Do you see the pattern here?

Let’s take Syria as an example of the first type. There, the job of the intellectual, teacher or journalist is to fight for the common goal as defined by the government, rather than to pursue truth, professional integrity or democracy in any independent manner.

Anton al-Maqdasi, a Syrian political philosopher, complained in 2003 that the regime’s apparent goal was to make citizens as identical as possible in their ideas and views, “as if they were cast in the same mold.”

That was, of course, precisely the point: They were supposed to echo government views. As Bashar Assad put it in an August interview, “The role of the Arab intellectual is not to weep or to cry over the ruins, but rather his role is to present people with the culture and the ideology of the resistance.” While Syrian Minister of Expatriate Affairs Buthayna Sha’ban explained that “culture should be mobilized: literature, art, poetry, for the resistance. We must all work to inculcate these [values] in future generations, so that they will not know the taste of defeat and shame…”
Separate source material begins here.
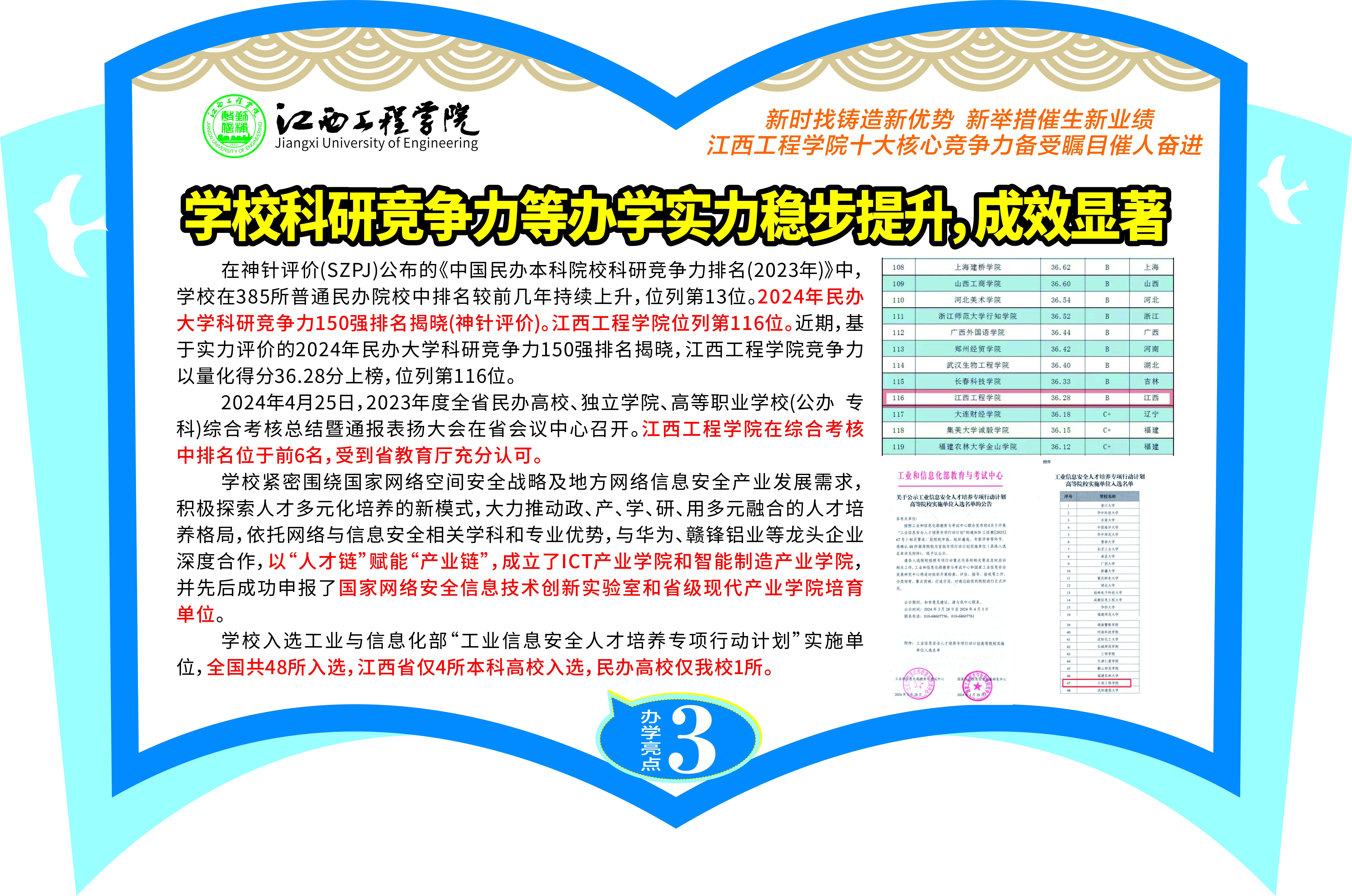 学校积极探索民办高等教育的办学规律和育人规律,大力创新人才培养模式,形成了天工文化育人特色,为中国民办高等教育发展提供了借鉴,形成了应用型教育领域著名的“新余现象,江工效应”。学校大力推动应用科技创新,多次参加中国科技第一展——深圳高交会,自主开发的科研产品获得2项优秀产品奖,创造了一枝独秀、独占鳌头的江西高校参展新纪录。连续四届参加江西省高校成果对接会,2023 年学校22个高科技项目参展,学校与企业共签约3个项目,签约金额达3600万元。华亿平台科研产品的实力展示和亮相,无论是中国科技第一展--中国国际高新技术成果交易会(简称高交会),还是在江西省首届高校科技成果对接会上,广受社会关注,大家纷纷留念打卡,赞不绝口。
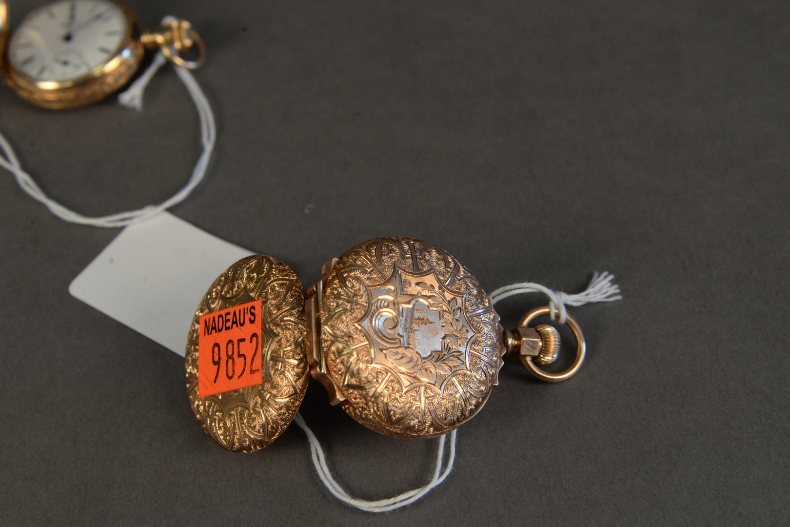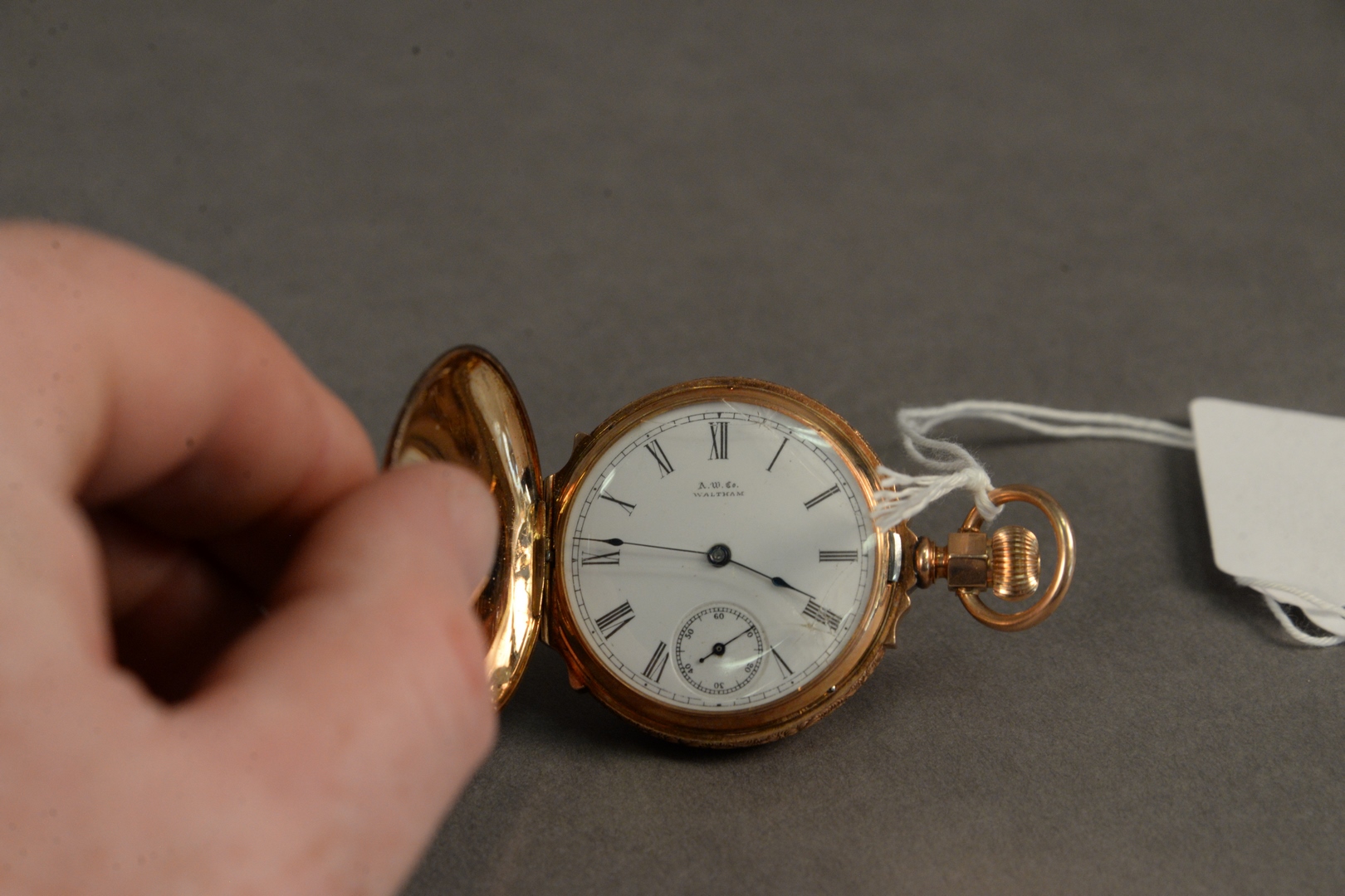 Lot 8: 14 Karat Gold American Waltham Closed Face Pocket Watch, along with slide chain, 15.7millimeter, 58.4 grams total weight, (crack in glass).

Inculcating the need for battle becomes more important than providing skills or knowledge. Thus, the dean of education at Damascus University explained that the culture of resistance must permeate every aspect of Syrian life. “We can teach the child the following mathematical problem: 25 tanks entered South Lebanon. The brave men of the resistance confronted them. They burnt down five tanks and damaged seven. How many of these tanks returned defeated back to where they came from?”

Clearly, this is more to be prized than teaching mathematical equations about how many votes did each party get in a democratic election.

Instead, each citizen is a soldier mobilized against the foreign enemy and his local lackeys. It is his duty to love big brother. As for the intellectuals and the cultural elite, they are richly rewarded for selling out. One of their main privileges is being able to posture as a hero for doing so. There are few things better than winning the right to live in luxury and have one’s career advanced for pretending to be a champion of the underdogs. By and large, the thinking classes lap it all up. This veneer of being “left-wing” for praising or repeating the arguments of a repressive Syrian dictatorship also plays well with like-minded intelligentsias elsewhere.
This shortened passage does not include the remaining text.